In 2008, it was first announced that Post Danmark considered a sale of the building. PFA Pension acquired it in December 2014.

==Architecture==
The oldest part of the building is designed in the Baroque style. The façade on Kønmagergade is seven bays wide with a 1-bay central projection topped by a small triangular pediment with Christian IX's monogram. The windows were originally sash windows, unusual in Denmark but also used on other buildings by Lange.

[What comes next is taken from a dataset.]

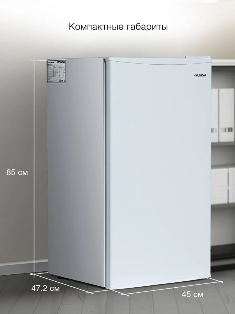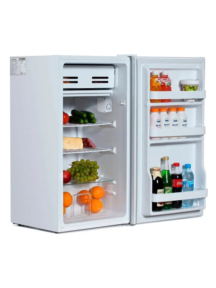 Холодильник Hyundai CO1003 белый, однокамерный, общий объем 94л, с ручной разморозкой холодильной камеры, без морозильной камеры, расположение морозильной камеры: морозильная камера отсутствует

Andreas Clemmensen 's expansion from 1916 (No. 33-37), on the corner with Løvstræde, is eight bays wide and consists of two floors and a recessed mezzanine floor above a robust cornice. The façade is decorated with pilasters and has a three bay central projection under a triangular pediment.

The rear wing on Valkendorfsgade was designed by J. Th. Zeltner in a style similar to that of the main wing and is from is from 1875 to 1876.

==Current use==
PFA Pension has commissioned Revco Property Development and Aarstiderne Arkitekter to undertake a renovation of the building which is expected to be completed media 2016. The principal tenants for the office space are Momondo (4800 square metres in the oldest part of the building) and Unity Technologies (4,400 square metres in the extension). The ground floor contains approximately 3,000 square metre retail space, with ARKET occupying most of the space.